Certainly, in the case of self-fence, a wasteful delay occurs. But honestly, I think it's no different from a delay parameter fixed to a node.

wenningerk · 2019-11-06T08:57:04Z

@wenningerk Thank you for your feedback. I think it's not so difficult to fix the description and consider the promotable resources. But I have no idea to cover the self-fence. Is there a good way to detect it?

Certainly, in the case of self-fence, a wasteful delay occurs. But honestly, I think it's no different from a delay parameter fixed to a node.

Well you know who you are (crm_node --name) and you know the target ;-)

wenningerk · 2019-11-07T09:59:29Z

Was talking as well to Ken yesterday about that approach and he is sharing my feeling that doing something complicated like determining the location of a resource should be considered carefully as part of a fence-agent. At least a note in the fence-agent should state that this maybe puts more stress on keeping the one instance running than on reliable recovery.
If you put that fence-agent on the same level as the real fence-agent and determining the location fails or hangs this node would never fence.
So one possibility to think about would be to rather put it on a higher level as the real fence-agent and to always make it fail. Then if determining the location is working it might introduce a delay and if that fails we would at least still have fencing. Could be an option as well so that the user can select if he wants to weight reliable recovery higher than keeping the service running.

Signed-off-by: Kumabuchi Kenji <[email protected]>

curvygrin · 2019-11-08T08:28:38Z

@wenningerk & KEN
Thank you very much for considering this proposal.
I understand that the current approach has the concerns.

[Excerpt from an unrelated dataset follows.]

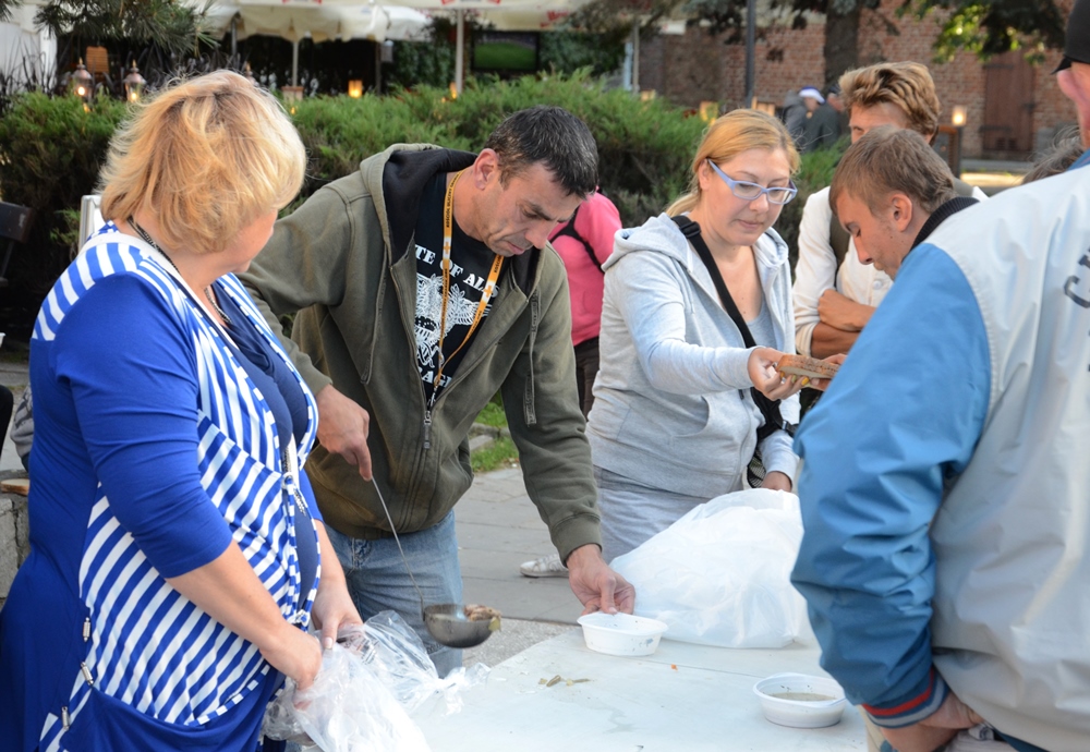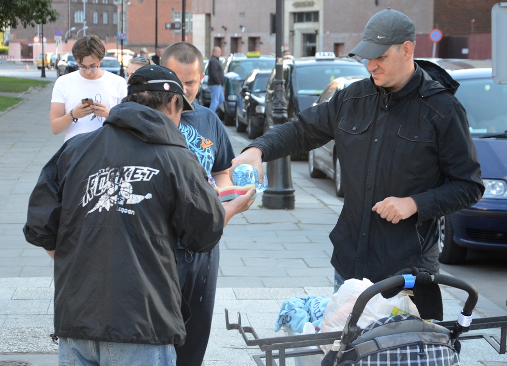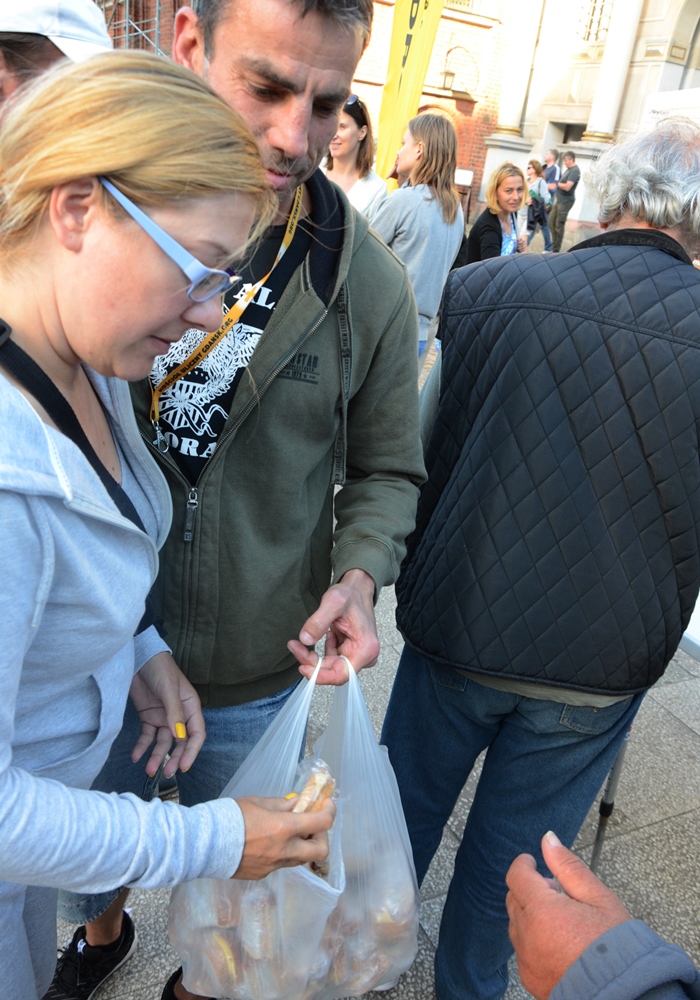 Mariusz i Marina przynoszą kilkadziesiąt kanapek, które sami zrobili w domu. Poświęcili dużo czasu, aby je przygotować. Tym większa jest ich radość, gdy widzą ludzi, którzy z apetytem je jedzą.
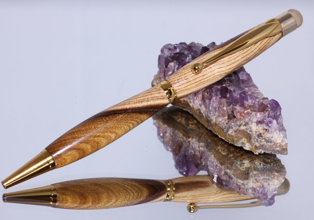 Als je graag zo’n pen zou willen hebben kan dat. Je kunt zelf aangeven welke houtsoort en of je de combinatie wilt met goud, zilver, etc. je kunt me altijd een bericht sturen indien je daar vragen over hebt.

So one possibility to think about would be to rather put it on a higher level as the real fence-agent and to always make it fail. Then if determining the location is working it might introduce a delay and if that fails we would at least still have fencing.

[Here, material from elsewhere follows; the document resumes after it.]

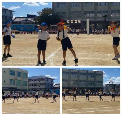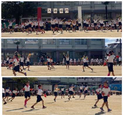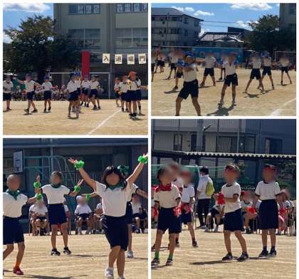 2年生は「さわげ 怪獣ダンス」を披露してくれました。バンダナやネッカチーフ、リストバンドもカラフルに、楽しくダンスしました。
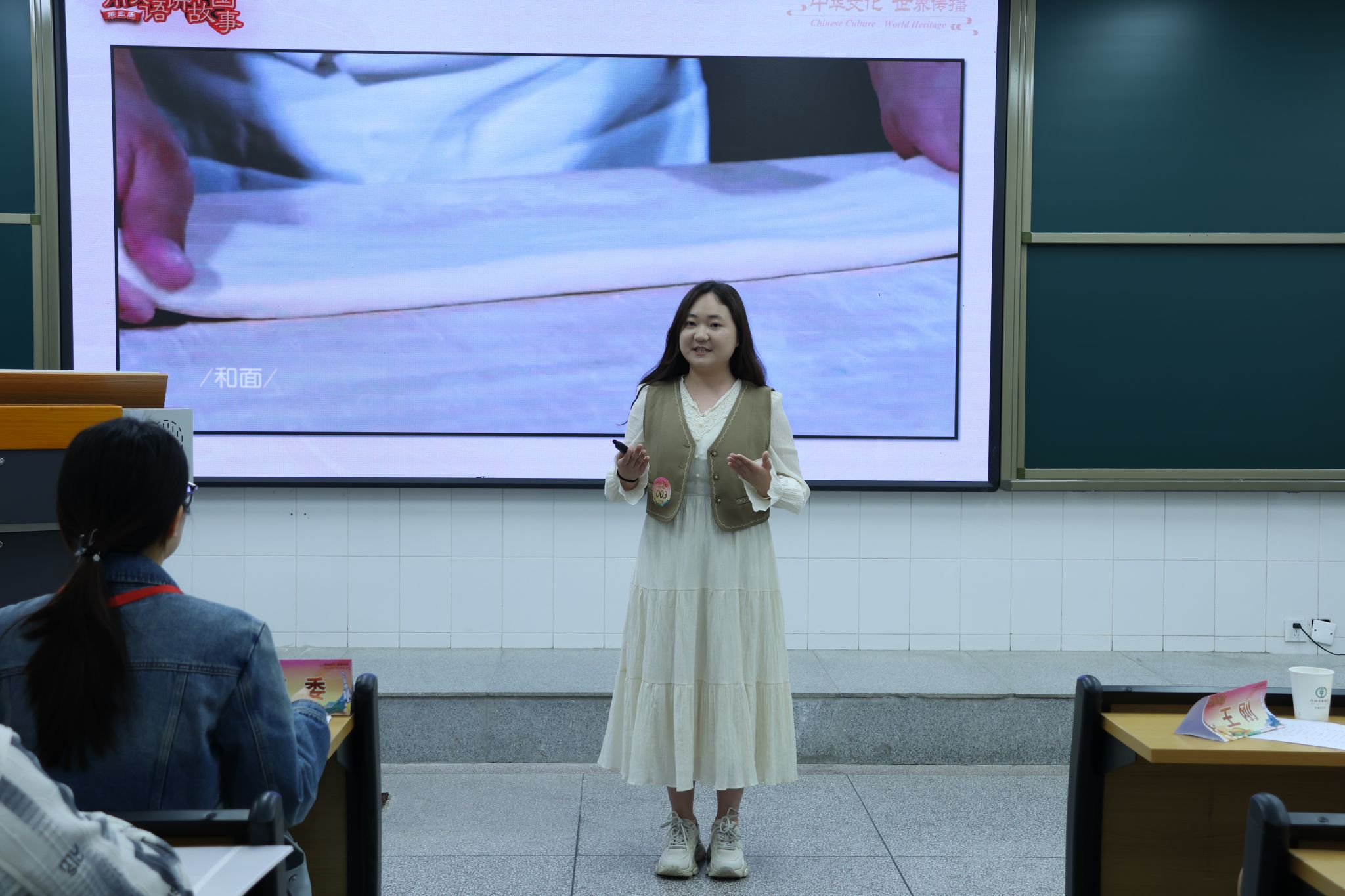 本次比赛自去年12月初征集作品以来,共收到我校17个学院提交的310作品。经过初赛评选,共有17名选手脱颖而出参加本次校级决赛。决赛分主题演讲和中国文化才艺展示两个环节。现场选手们英文介绍了皖北地区的风土人情。在才艺展示环节,选手们借助朗诵、五禽戏、剑舞、剪纸、戏曲表演等多样化的形式展示了中国文化的独特魅力和深厚底蕴。经过激烈角逐,教育学院尹一冰同学和外国语学院杜凡楠同学荣获一等奖,将代表我校参加下一轮的省级决赛。

I certainly think that the above approach is safer.
(In fact, I thought about it, but the implementation of always returning FALSE seemed strange and I stopped it.)
I will try to fix PR.

wenningerk · 2019-11-08T08:35:29Z

I certainly think that the above approach is safer.
(In fact, I thought about it, but the implementation of always returning FALSE seemed strange and I stopped it.)
I will try to fix PR.

If you feel unpleasant with it leave the default as is and make returning FALSE an option ...

agents/heuristics_resource/fence_heuristics_resource.py

kgaillot

Hi,

Thanks for contributing a significant new capability! I do have some concerns that I've commented on.

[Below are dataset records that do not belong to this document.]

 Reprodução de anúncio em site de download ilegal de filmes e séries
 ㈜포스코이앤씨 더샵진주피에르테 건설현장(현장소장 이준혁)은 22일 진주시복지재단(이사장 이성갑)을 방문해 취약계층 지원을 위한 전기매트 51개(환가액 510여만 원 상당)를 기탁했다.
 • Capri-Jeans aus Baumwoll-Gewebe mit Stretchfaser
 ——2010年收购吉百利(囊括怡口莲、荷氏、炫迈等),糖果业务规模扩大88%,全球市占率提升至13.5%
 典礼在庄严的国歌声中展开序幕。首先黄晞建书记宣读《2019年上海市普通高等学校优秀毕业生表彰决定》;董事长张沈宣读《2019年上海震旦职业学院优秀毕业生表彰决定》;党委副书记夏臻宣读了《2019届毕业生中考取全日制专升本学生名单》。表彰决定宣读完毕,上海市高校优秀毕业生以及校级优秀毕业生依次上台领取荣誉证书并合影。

kgaillot · 2019-11-08T16:07:24Z

agents/heuristics_resource/fence_heuristics_resource.py

+		logging.error("Command failed. rc=%s, stderr=%s" % (rc, err))
+		return False
+
+	search_str = re.compile(r"\s%s%s$" % (mynodename, '\sMaster' if promotable else ''))


Have you tested this? I think there's a space at the end of the line if "Master" isn't printed.

I'd be a little concerned about introducing a dependency on the output format. We regularly have problems crop up when other software (e.g. pcs) looks for specific strings in the output, since we don't always remember that something requires it when we need to update the pacemaker output for some reason.

We actually are in the middle of a project to have all the pacemaker tools support XML output, so external code can use a format that we will try to keep backward-compatible while still allowing us to change text output as needed. Unfortunately crm_resource has not yet been adapted, and you'd want to support older pacemaker versions anyway.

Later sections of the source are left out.